## Your instructions
Reproduce the data below exactly. Skip the pictures.

## Raw data
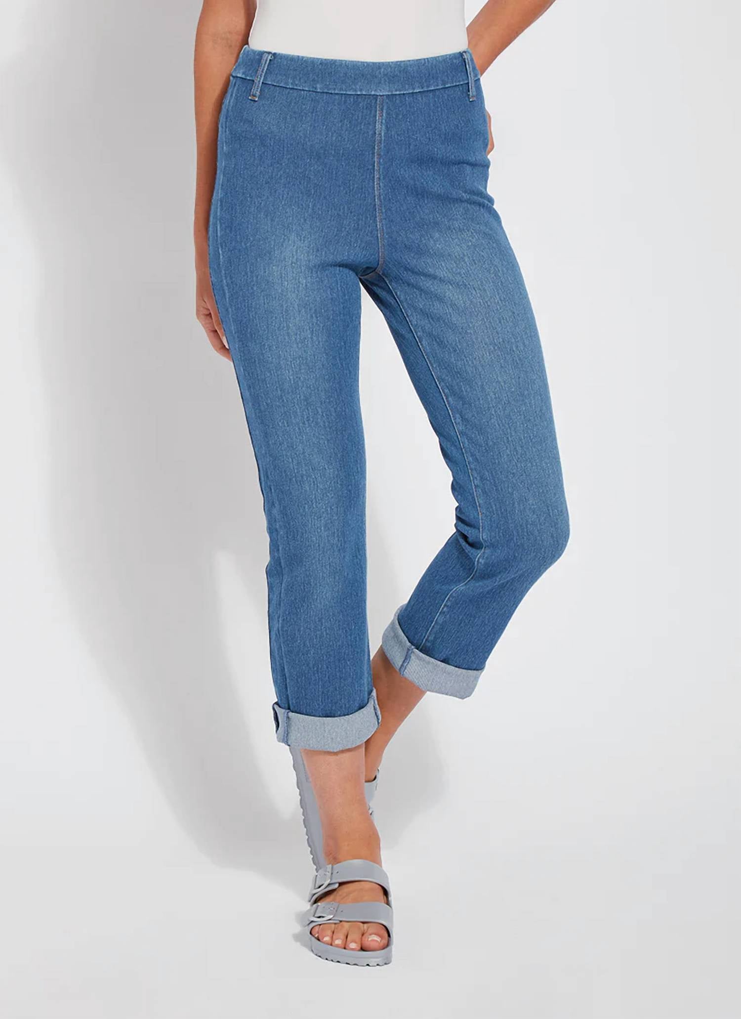 Upgrade your wardrobe with these cropped pants, designed to merge sophistication and wearability. The tailored fit ensures ultimate comfort during long days or nights out. Elevate your denim collection with the Can't Stop Crop Denim Pants by Lysse in a versatile Mid Wash. These women's high-rise boyfriend jeans feature a straight leg and are crafted from 4-way stretch Knit Denim, comprising 95% Cotton and 5% Elastane. Designed with a concealed patented 360 smoothing waistband, these jeans offer both comfort and style, complete with belt loops and back patch pockets. Enjoy a 24" inseam cuffed and a 28" inseam uncuffed, with a pull-on closure for easy wear. Care instructions include machine wash and line dry.
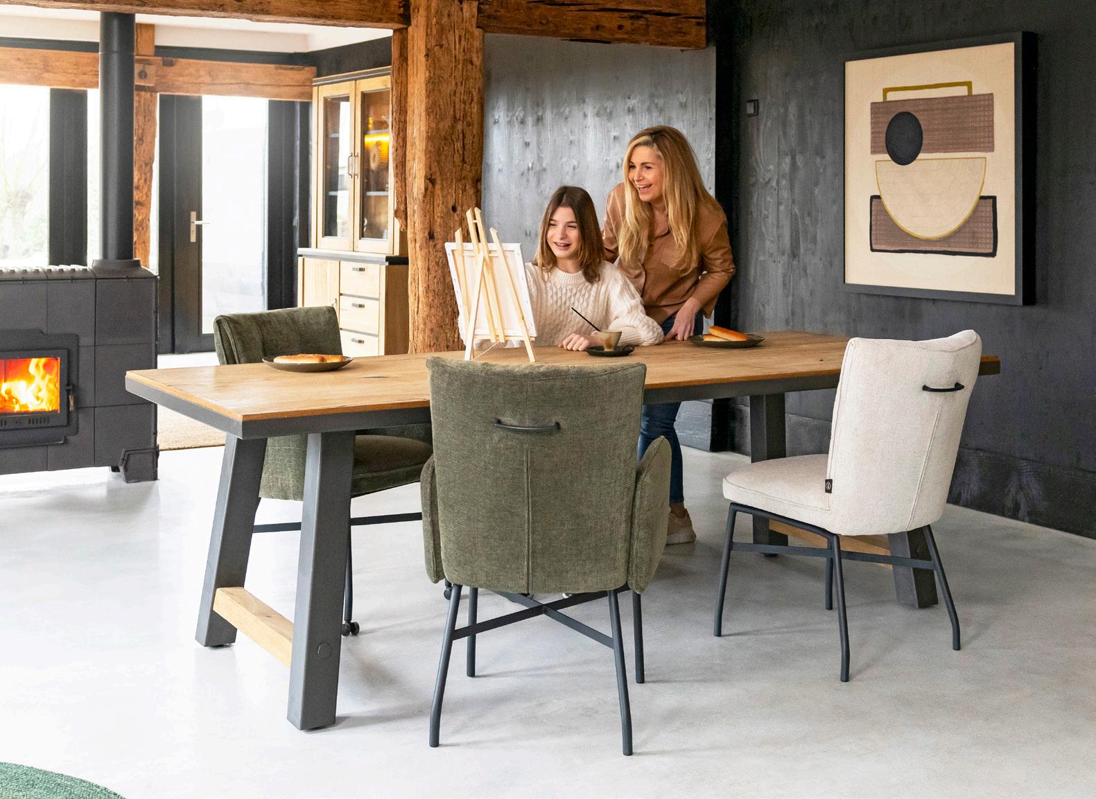 tafel verkrijgbaar in diverse maten vanaf 699,- | 180x108cm met centrale poot 999,- | stoel Bell 186,- 149,armstoel 225,- 180,- (afgebeeld in stofcombinatie Calabria met Vada) dressette met ledverlichting 1299,1199,- | relaxfauteuil Florence met poef 619,- 499,-
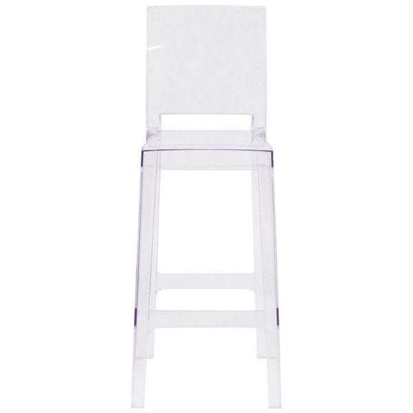 Outfit your modern indoor or outdoor dining area with this Flash Furniture OW-SQUAREBACK-29-GG Ghost transparent polycarbonate bar height stool with a square back. The raised seat ensures guests are at a comfortable height to enjoy your signature drinks, appetizers, entrees, and desserts at your counter or bar. Meanwhile, the convenient footrest helps reduce the pressure on customers’ legs and lower backs to promote optimum relaxation. The transparent design emphasizes your business’ color scheme with a subtle, sleek presence and is great for catered events or weddings. A sturdy polycarbonate construction is designed for both indoor and outdoor use. For the convenience of your operation, the stool features 4 rubber glides, which help it to move smoothly over a variety of surfaces and prevent scratching. It boasts a 330 lb. weight capacity and a comfortable square back for optimal comfort. Provide convenient, stylish seating in your facility with this chair! Overall Dimensions: Width: 17″ Depth: 20 1/2″ Height: 44 3/4″ Seat Dimensions: Width: 14 1/2″ Depth: 15 1/2″ Height: 29 3/4″ Back Dimensions: Width: 14″ Height: 15″
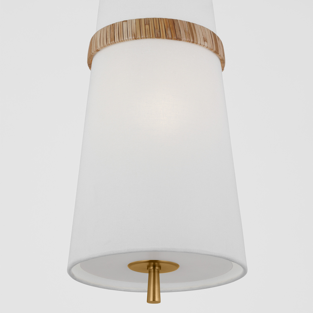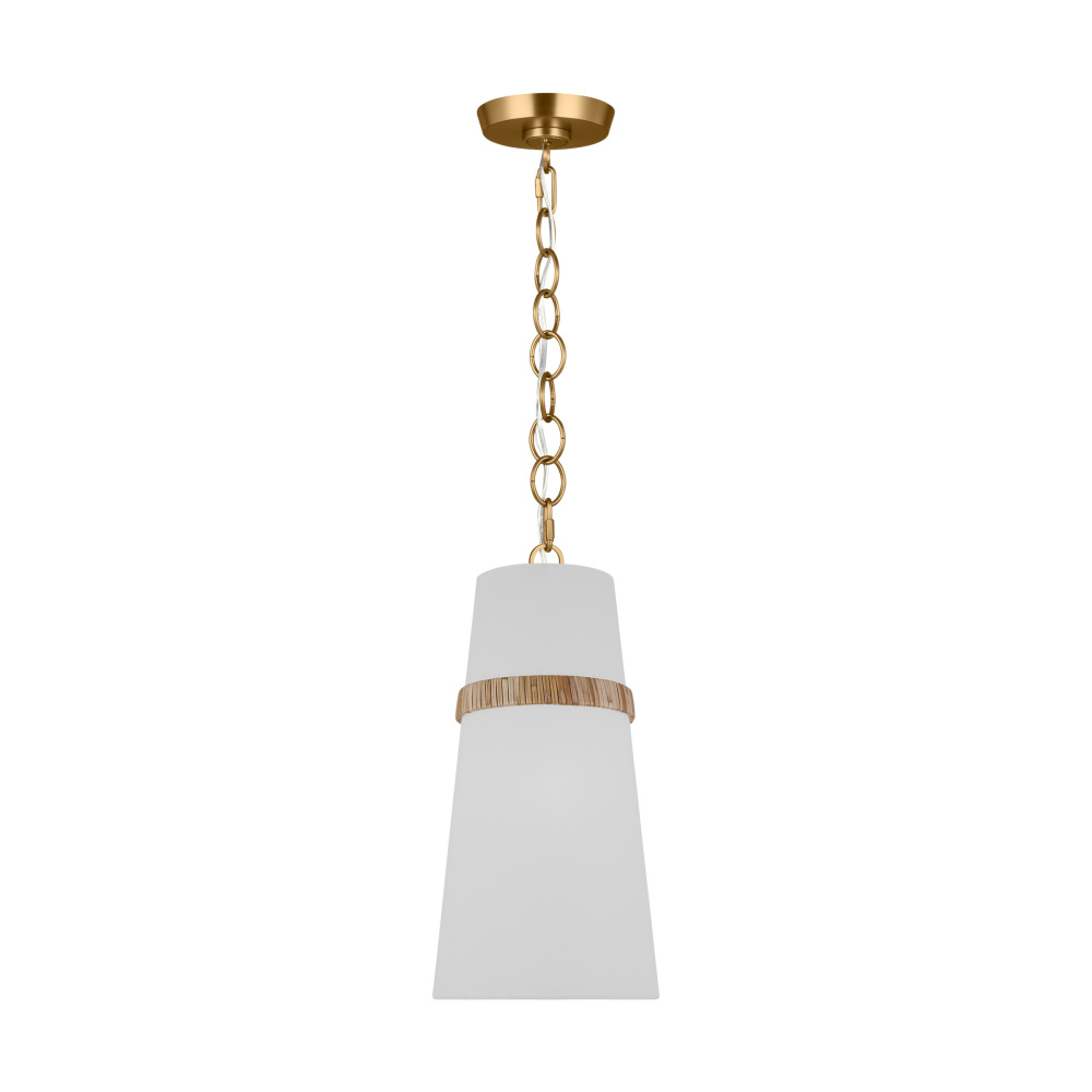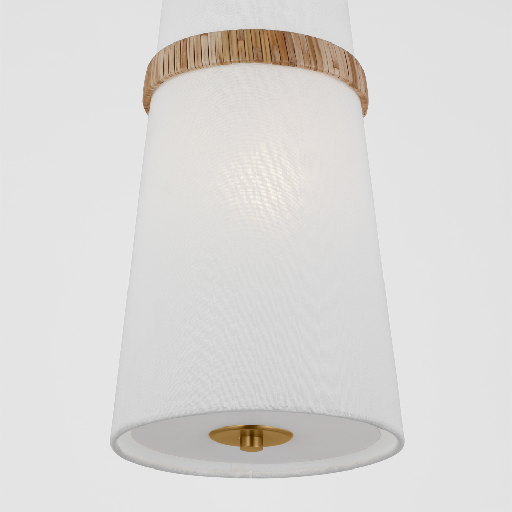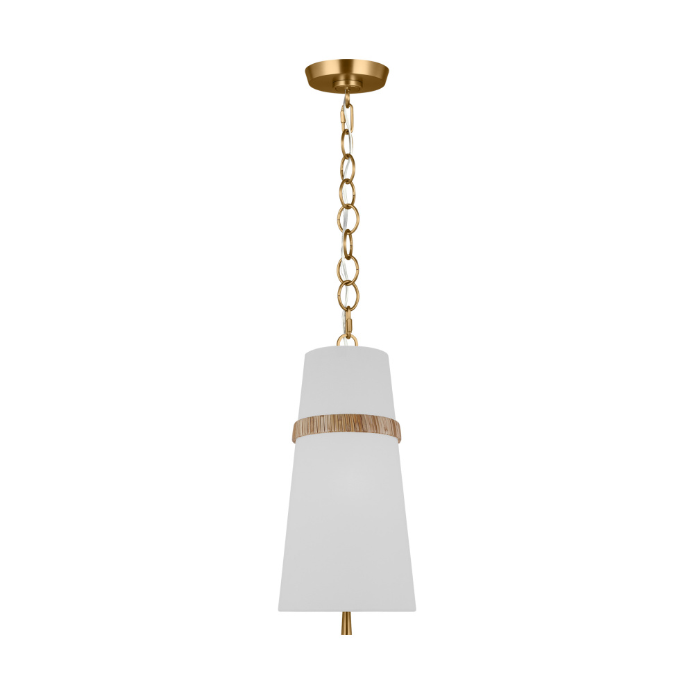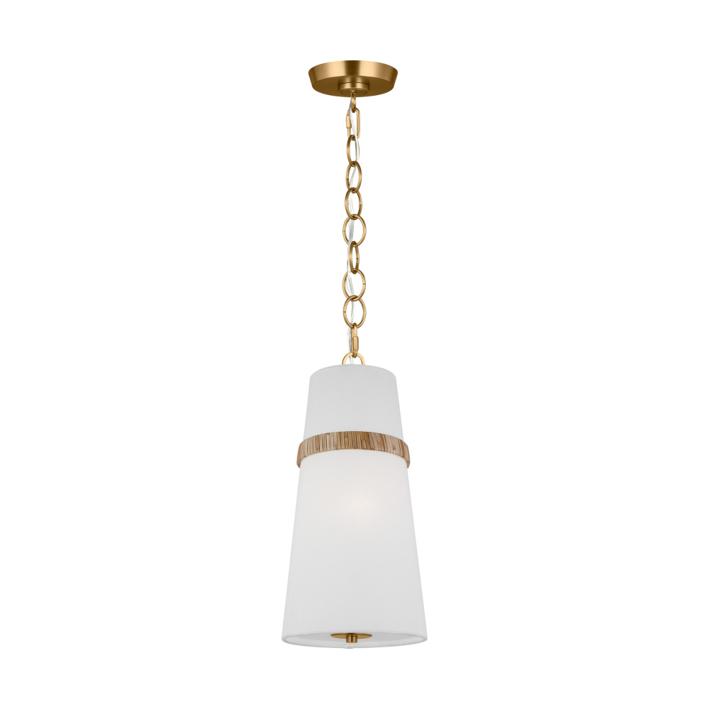 The Cordtlandt series by Alexa Hampton has a simple, purposeful design that makes it a perfect addition to any uptown chic décor. The cylinder-shaped pendant features etched glass diffuser, an over-scaled chain and a decorative end stem that ties the look together. Updated with a rattan woven ring detail elevates the design with a coastal vibe.

## Solved problem
 Upgrade your wardrobe with these cropped pants, designed to merge sophistication and wearability. The tailored fit ensures ultimate comfort during long days or nights out. Elevate your denim collection with the Can't Stop Crop Denim Pants by Lysse in a versatile Mid Wash. These women's high-rise boyfriend jeans feature a straight leg and are crafted from 4-way stretch Knit Denim, comprising 95% Cotton and 5% Elastane. Designed with a concealed patented 360 smoothing waistband, these jeans offer both comfort and style, complete with belt loops and back patch pockets. Enjoy a 24" inseam cuffed and a 28" inseam uncuffed, with a pull-on closure for easy wear. Care instructions include machine wash and line dry.
 tafel verkrijgbaar in diverse maten vanaf 699,- | 180x108cm met centrale poot 999,- | stoel Bell 186,- 149,armstoel 225,- 180,- (afgebeeld in stofcombinatie Calabria met Vada) dressette met ledverlichting 1299,1199,- | relaxfauteuil Florence met poef 619,- 499,-
 Outfit your modern indoor or outdoor dining area with this Flash Furniture OW-SQUAREBACK-29-GG Ghost transparent polycarbonate bar height stool with a square back. The raised seat ensures guests are at a comfortable height to enjoy your signature drinks, appetizers, entrees, and desserts at your counter or bar. Meanwhile, the convenient footrest helps reduce the pressure on customers’ legs and lower backs to promote optimum relaxation. The transparent design emphasizes your business’ color scheme with a subtle, sleek presence and is great for catered events or weddings. A sturdy polycarbonate construction is designed for both indoor and outdoor use. For the convenience of your operation, the stool features 4 rubber glides, which help it to move smoothly over a variety of surfaces and prevent scratching. It boasts a 330 lb. weight capacity and a comfortable square back for optimal comfort. Provide convenient, stylish seating in your facility with this chair! Overall Dimensions: Width: 17″ Depth: 20 1/2″ Height: 44 3/4″ Seat Dimensions: Width: 14 1/2″ Depth: 15 1/2″ Height: 29 3/4″ Back Dimensions: Width: 14″ Height: 15″
 The Cordtlandt series by Alexa Hampton has a simple, purposeful design that makes it a perfect addition to any uptown chic décor. The cylinder-shaped pendant features etched glass diffuser, an over-scaled chain and a decorative end stem that ties the look together. Updated with a rattan woven ring detail elevates the design with a coastal vibe.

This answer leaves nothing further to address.